Hesitant to unmask

Students share concerns about lifting mask mandates

Vy Khanh Vu, Staff Writer

Many stores and restaurants that require masks or vaccination cards for entrance display signs like these in the front of their stores. Soon we may be seeing less of them. (Sharli Mishra)

Gov. Jay Inslee announced that the statewide indoor mask mandate will lift in most indoor spaces on Mar. 12, including at schools, child care facilities, grocery stores and houses of worship.

Inslee stated that this decision is in accordance with CDC recommendations, which state that immunity has risen due to vaccination and resistance from infection, reducing the overall risk of severe symptoms.

This decision comes following the Washington State Department of Health lifting outdoor mask mandates for large outdoor events on Feb. 18, 2022. Despite previous hesitation, King County will also be included in the mandate lift.

Many students of Seattle Pacific University seem hesitant of the governor’s recent announcement. According to a poll conducted by The Falcon, 93 out of 131 participants do not think mask mandates should be lifted this spring.

Second-year biochemistry major Alessandro Rizzi believes that the majority of students on campus will choose to wear masks even if the mandate is lifted. 

“If the mandate is going to be lifted, I’m pretty sure that some students are still going to choose to wear their masks,” Rizzi said. “I don’t feel strongly towards or against the mandate lifting. Personally, I’m just going to wear a mask.”

Briseida Espindola-Calderon is a third-year apparel design student, and she does not think this is the right time. With cases still on the rise, Espindola-Calderon thinks the mandate should be lifted when the number of cases slow down further.

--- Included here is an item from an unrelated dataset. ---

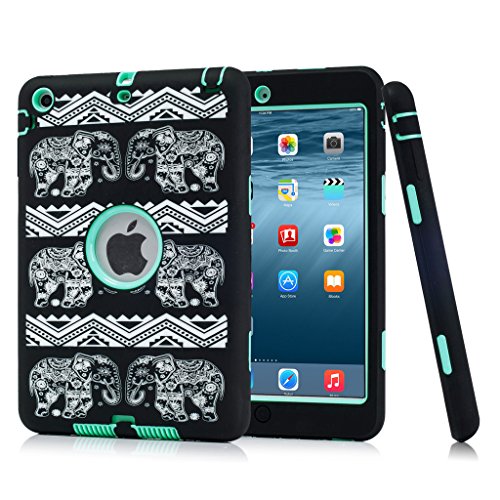 HOcase iPad mini Case - Double Layer Rugged Shockproof Hard Rubber Protective Case Cover for iPad mini, iPad mini 2, iPad mini 3 - Elephant+Mint Green
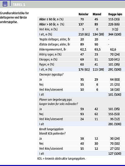 Blandt dem, som efter første undersøgelse rent faktisk havde været hos egen læge, og som kom igen til anden undersøgelse, og blandt dem, der ved anden undersøgelse havde planer om at opsøge egen læge, udgør de raske kun 25%, hvorimod halvdelen af dem med KOL - uafhængigt af sværhedsgrad - og af dem med potentiel lungesygdom har været eller planlægger besøg hos egen læge på grund af deres lunger.

“I don’t think it should be lifted just yet,” Espindola-Calderon said. “As much as we would like not to wear masks, I think at this point, just be patient and wait for everything to really calm down. Because if we keep going like this, it is going to be like a never-ending circle.” 

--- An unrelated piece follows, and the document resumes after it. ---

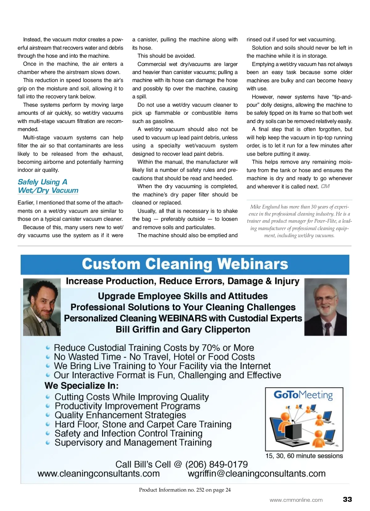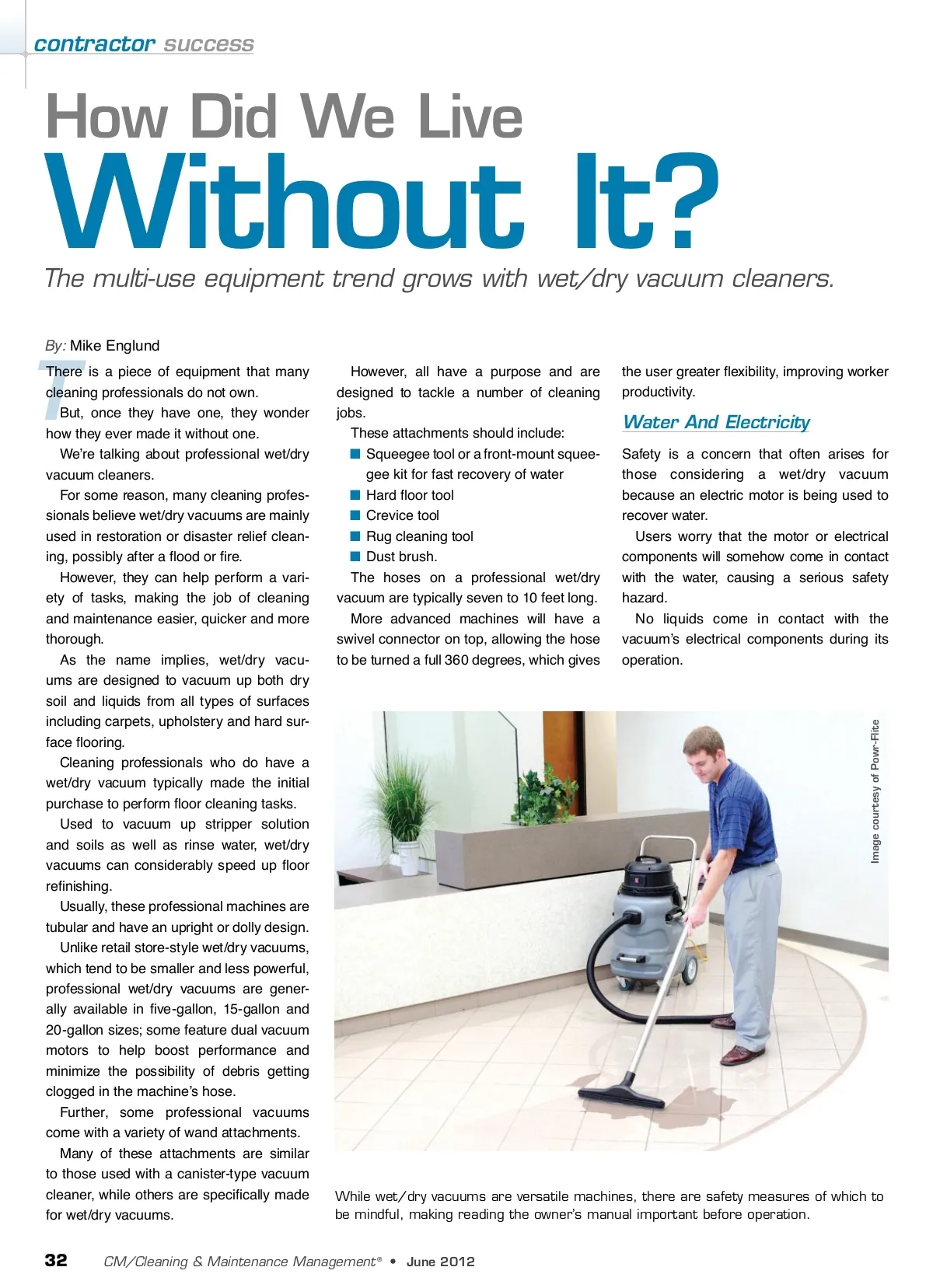 contractor success How Did We Live The multi-use equipment trend grows with wet/dry vacuum cleaners. By: Mike Englund Without It? There is a piece of equipment that many cleaning professionals do not own. But, once they have one, they wonder how they ever made it without one. We’re talking about professional wet/dry vacuum cleaners. For some reason, many cleaning profes-sionals believe wet/dry vacuums are mainly used in restoration or disaster relief clean-ing, possibly after a flood or fire. However, they can help perform a vari-ety of tasks, making the job of cleaning and maintenance easier, quicker and more thorough. As the name implies, wet/dry vacu-ums are designed to vacuum up both dry soil and liquids from all types of surfaces including carpets, upholstery and hard sur-face flooring. Cleaning professionals who do have a wet/dry vacuum typically made the initial purchase to perform floor cleaning tasks. Used to vacuum up stripper solution and soils as well as rinse water, wet/dry vacuums can considerably speed up floor refinishing. Usually, these professional machines are tubular and have an upright or dolly design. Unlike retail store-style wet/dry vacuums, which tend to be smaller and less powerful, professional wet/dry vacuums are gener-ally available in five-gallon, 15-gallon and 20-gallon sizes; some feature dual vacuum motors to help boost performance and minimize the possibility of debris getting clogged in the machine’s hose. Further, some professional vacuums come with a variety of wand attachments. Many of these attachments are similar to those used with a canister-type vacuum cleaner, while others are specifically made for wet/dry vacuums. However, all have a purpose and are designed to tackle a number of cleaning jobs. These attachments should include: ■ Squeegee tool or a front-mount squee-gee kit for fast recovery of water ■ Hard floor tool ■ Crevice tool ■ Rug cleaning tool ■ Dust brush. The hoses on a professional wet/dry vacuum are typically seven to 10 feet long. More advanced machines will have a swivel connector on top, allowing the hose to be turned a full 360 degrees, which gives T the user greater flexibility, improving worker productivity. Water And Electricity Safety is a concern that often arises for those considering a wet/dry vacuum because an electric motor is being used to recover water. Users worry that the motor or electrical components will somehow come in contact with the water, causing a serious safety hazard. No liquids come in contact with the vacuum’s electrical components during its operation. While wet/dry vacuums are versatile machines, there are safety measures of which to be mindful, making reading the owner’s manual important before operation. 32 CM/Cleaning & Maintenance Management ® • June 2012 Image courtesy of Powr-Flite
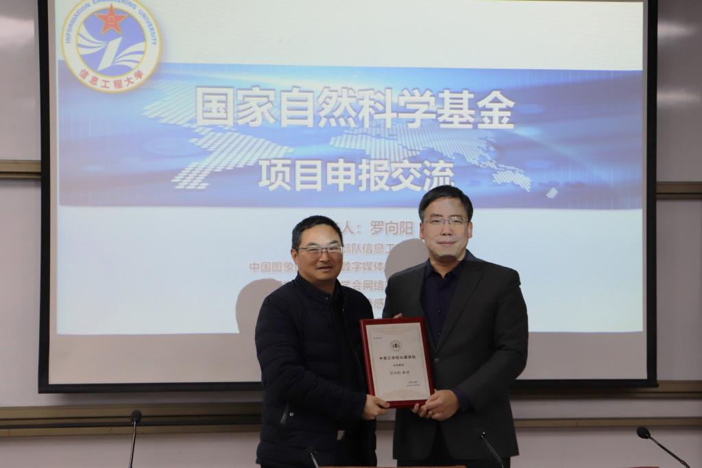 青年教师作了题为《新时代信息技术的机遇与挑战——国家自然科学基金申报方法交流》的讲座。讲座开始前,科技处处长宋晓炜为罗向阳颁发了“弘德讲坛”主讲证书,讲座由科技处副处长郑慧凡主持。

The spike of cases on campus at the beginning of the year pushed professors and students to be more cautious, and second-year economics major, Cynthia Nguyen, explained how important masks are for keeping SPU’s campus safe. 

“Vaccinations are to protect yourself, and people say masks are to protect others,” Nguyen said.  “Are you comfortable with endangering other people by not wearing a mask? I do understand it is hard for students to have masks in class, especially when lecture halls are full of people, but aside from COVID, other things like allergies and coughing are going around too.”

Third-year mechanical engineering major, Ryan Budd, shared that wearing a mask indoors, especially in a crowded setting, is to protect other people. 

“I think generally, I would be comfortable not wearing a mask outside for the most part,” Budd said. “Inside enclosed spaces, especially with many people around, I’d probably still wear a mask just to protect those around me and be safe.”

From the beginning of the pandemic, masks have worked as a helpful tool to protect community health. According to WA DOH, evidence shows that wearing a mask reduces an infected person’s chance of spreading the infection to others.

Hannah Waterman, a fourth-year political science major, works in customer service. Waterman believes that when a customer wears a mask, they are choosing to protect employees.

“One hundred percent,” Waterman said. “I do think customers wearing masks is to protect service workers and show that you respect and care for their health.”

Like many other students, Waterman expressed that she yearns for normalcy like before the pandemic. However, she understands that wearing a mask in high-exposure settings is important, especially for service workers who have to meet and interact with many people a day. 

“I understand that getting rid of the mask would be comfortable for the customer, but we meet a ton of people who come in a day and can get exposed to the virus because of that,” Waterman said. “Sometimes, I had to wear two layers of mask. I do look forward to the normalcy where we don’t have to wear masks and without the fear of catching the virus.”

For students like fourth-year cellular and molecular biology major, Johnny Abraham, has four nephews in Italy. Because senior and children populations are more vulnerable to the virus, Abraham thinks wearing a mask also protects other people’s loved ones.

“I will wear a mask for them because you never know what will happen,” Abraham said. “Many people here might have younger siblings or nephews, or grandparents at home, like me. You know, especially that we are in very close contact with each other in class.”